* [Exercise requirements]: Take the lines from the one containing "Во дворе нашего" through the final line below and restate them exactly. Omit the pictures.

* [Information provided]:

Content starts

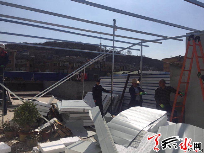 據(jù)了解,秦州區(qū)執(zhí)法局機(jī)動中隊(duì)隊(duì)員在轄區(qū)內(nèi)正常巡查時發(fā)現(xiàn),玉泉鎮(zhèn)東團(tuán)莊村新村周某和李某兩戶正在搭建活動板房,其中,周某搭建的墻體已完工,李某正在焊接鐵皮底座,執(zhí)法隊(duì)員立即詢問當(dāng)事人是否辦理審批手續(xù),同時進(jìn)行了相關(guān)法律法規(guī)的宣傳,并告知其建筑未辦理審批手續(xù)擅自搭建屬違章建筑,需要進(jìn)行拆除,在了解情況后,當(dāng)事人周某答應(yīng)自行拆除;經(jīng)過執(zhí)法隊(duì)員的耐心勸解,當(dāng)事人李某停止了其違章行為,并承諾不再搭建。在執(zhí)法人員的協(xié)助下,經(jīng)過4個多小時的作業(yè),平穩(wěn)的拆除了周某搭建的違章建筑,面積約170平方米。
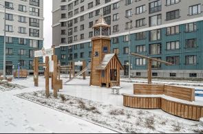 Во дворе нашего дома расположен новый детский сад, плюс недалеко 2 школы, а так же достраивается поликлиника за домом.
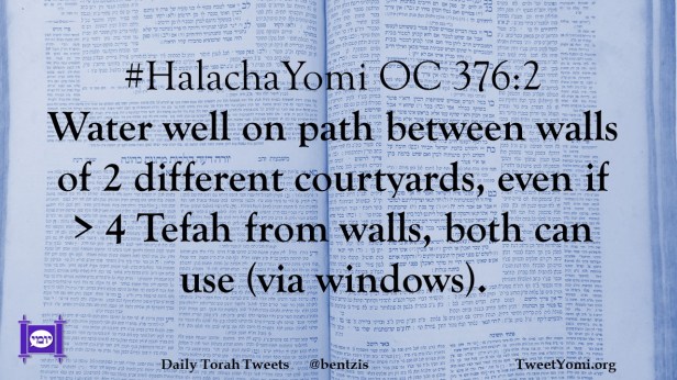#HalachaYomi OC 376:2 Water well on path between walls of 2 different courtyards, even if > 4 Tefah from walls, both can use (via windows).

Content ends

* [Problem solution]:
 Во дворе нашего дома расположен новый детский сад, плюс недалеко 2 школы, а так же достраивается поликлиника за домом.
#HalachaYomi OC 376:2 Water well on path between walls of 2 different courtyards, even if > 4 Tefah from walls, both can use (via windows).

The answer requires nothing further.